++++ Records for this exercise ++++
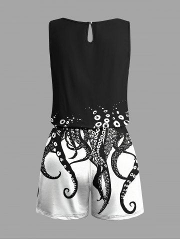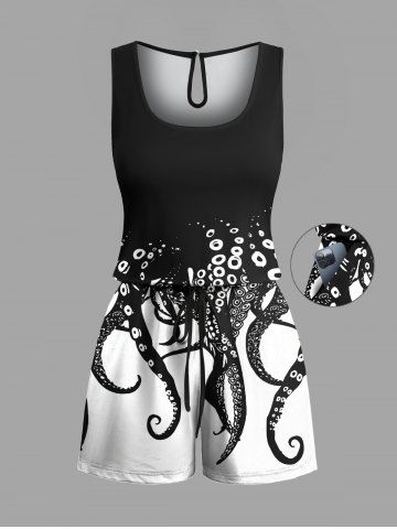 Plus Size Octopus Two Tone Print Hawaii Drawstring Pocket Romper - Black - Xs
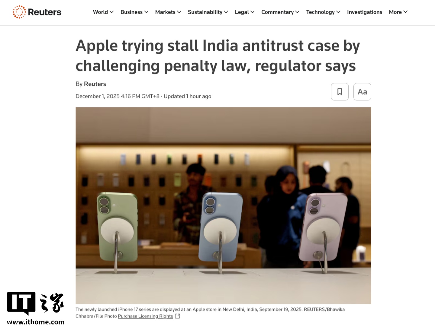12 月 1 日消息,據路透社今日報道,印度反壟斷監管機構向新德里法院表示,蘋果試圖通過質疑印度的反壟斷罰款制度來拖延相關調查。
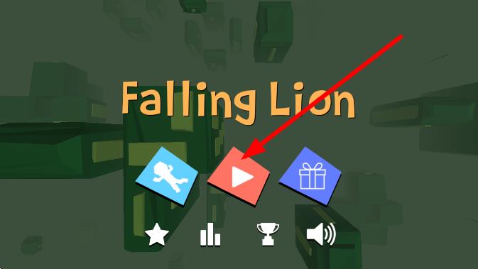 1、打开Falling Lion游戏,点击红色三角形播放按钮,开启狮子下落冒险,准备在绿色方块场景中挑战。
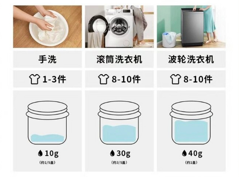 正确做法:严格按照洗涤剂包装上的说明用量添加——比如洗衣液按衣物重量、水量添加,洗洁精按碗碟数量添加,脏污较重时,可适当增加用量,但最多不超过说明用量的1.5倍。
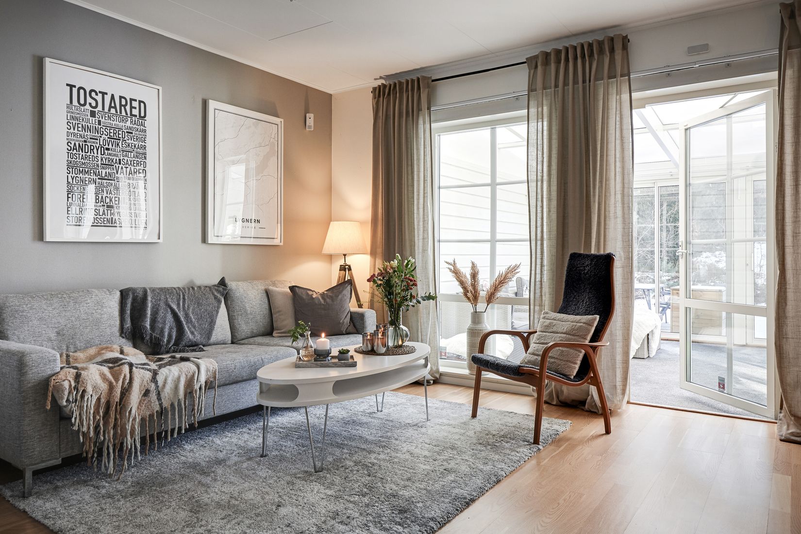 I öppen planlösning från köket öppnar sig den rymliga sällskapsytan. Samma ljusgrå ton följer med från köket och möter resterande vita väggar. Sällskapsrummet ger plats för soffmöbel, mediabänk, förvaring och ett ytterligare middagsbord om så önskas. De stora fönstren med spröjs låter ljuset flöda in och genom den glasade altandörren tar ni er vidare till uterummet som sätter guldkant på bostadens trivsamma planering. Här får ni möjligheten att förlänga utesäsongen genom en fantastisk sällskapsyta. Fira jul eller nyår och samlas kring ett långbord med familj och vänner medan den krispiga frosten klär naturen utanför. Från uterummet tar ni er vidare till den snyggt stenlagda uteplatsen som är privat inramad och som har n fri utsikt. På hörnet öppnar sig en härlig gräsyta som ger plats för lek och bus.
++++
Task to complete: Give back exactly the lines from the line with "正确做法:严格按照洗涤剂包装" through the end of the records, both included; keep all pictures out.

Exercise output:
 正确做法:严格按照洗涤剂包装上的说明用量添加——比如洗衣液按衣物重量、水量添加,洗洁精按碗碟数量添加,脏污较重时,可适当增加用量,但最多不超过说明用量的1.5倍。
 I öppen planlösning från köket öppnar sig den rymliga sällskapsytan. Samma ljusgrå ton följer med från köket och möter resterande vita väggar. Sällskapsrummet ger plats för soffmöbel, mediabänk, förvaring och ett ytterligare middagsbord om så önskas. De stora fönstren med spröjs låter ljuset flöda in och genom den glasade altandörren tar ni er vidare till uterummet som sätter guldkant på bostadens trivsamma planering. Här får ni möjligheten att förlänga utesäsongen genom en fantastisk sällskapsyta. Fira jul eller nyår och samlas kring ett långbord med familj och vänner medan den krispiga frosten klär naturen utanför. Från uterummet tar ni er vidare till den snyggt stenlagda uteplatsen som är privat inramad och som har n fri utsikt. På hörnet öppnar sig en härlig gräsyta som ger plats för lek och bus.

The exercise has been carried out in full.